Eine Einigung im Strafverfahren stand nicht zur Debatte. In diesem Punkt waren bislang weder Freeman noch meine Mandantin zu einem Kompromiss bereit. Wir steuerten unaufhaltsam auf einen Prozess zu, und ich könnte nicht behaupten, dass ich darüber unglücklich war. Wir hatten eine realistische Chance, und wenn Lisa Trammel sie nutzen wollte, sollte es nicht an mir scheitern.

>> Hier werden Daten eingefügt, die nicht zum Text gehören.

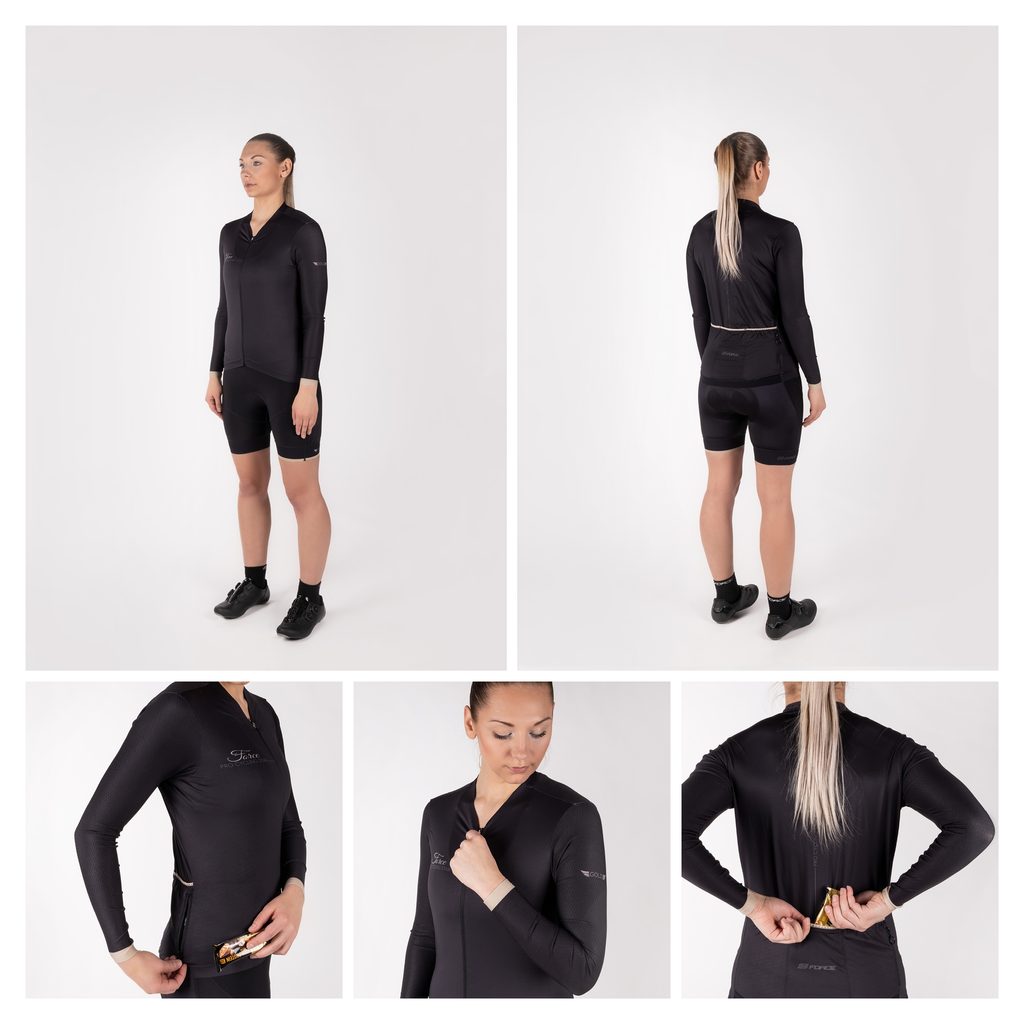 Užijte si maximální komfort a styl při svých cyklistických dobrodružstvích s dámským dresem FORCE GOLD LADY s dlouhým rukávem. Tento černý dres je navržen pro cyklistky, které hledají kombinaci funkčnosti, pohodlí a elegance.

An der Beweismittelfront hatten wir in den letzten Wochen sowohl Fortschritte als auch Rückschläge zu verbuchen. Wie erwartet, entschied Richter Morales entgegen unserer Anträge, das Polizeiverhör und die Durchsuchung von Lisa Trammels Haus beim Prozess zuzulassen. Damit war für die Anklage der Weg frei, ihre Beweisführung auf die drei Säulen Motiv, Gelegenheit und die Aussage der einzigen Augenzeugin zu stützen. Sie hatten die Zwangsversteigerung. Sie hatten Lisas Proteste gegen die Bank. Sie hatten ihre belastenden Aussagen bei der Vernehmung. Und vor allem hatten sie die Augenzeugin, Margo Schafer, die behauptete, Lisa wenige Minuten nach dem Mord in unmittelbarer Nähe der Bank gesehen zu haben.

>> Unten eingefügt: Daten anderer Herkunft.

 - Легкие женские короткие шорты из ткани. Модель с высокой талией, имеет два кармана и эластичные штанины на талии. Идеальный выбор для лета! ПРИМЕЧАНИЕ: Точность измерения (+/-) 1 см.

Aber wir entwarfen eine Verteidigungsstrategie, die diese Säulen ins Wanken brachte und zahlreiche Beweise vorlegte, die entlastenden Charakter hatten.

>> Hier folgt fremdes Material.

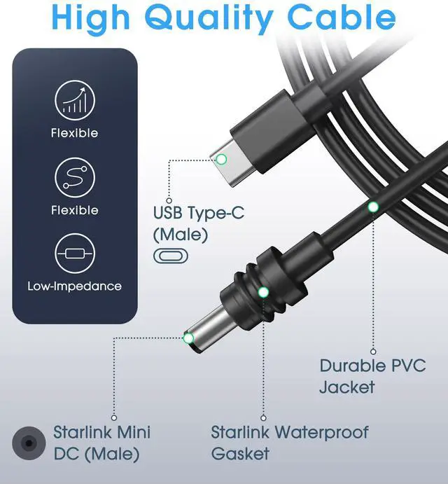 OUTPUT: Our Starlink MINI USB-C to DC power cable features an integrated PD Smart Receiver Chip. When connected to a compatible 20V PD Type-C power supply, the chip communicates with the power supply's source chip to ensure a stable 20V output on the DC barrel jack.

Bisher war keine Tatwaffe ermittelt oder gefunden worden, und der verzweifelte Versuch der Anklage, den Nachweis zu erbringen, dass ein winziger Blutfleck auf einer Rohrzange von der Werkbank in Lisas Garage von Mitchell Bondurant stammte, war kläglich gescheitert. Selbstverständlich würde die Anklage diesen Punkt bei der Vorverhandlung oder beim Prozess nicht zur Sprache bringen, aber ich konnte und würde es tun. Es ist Aufgabe der Verteidigung, der Staatsanwaltschaft die falschen Fährten und die Fehler bei den Ermittlungen um die Ohren zu hauen. Da kannte ich keine Hemmungen.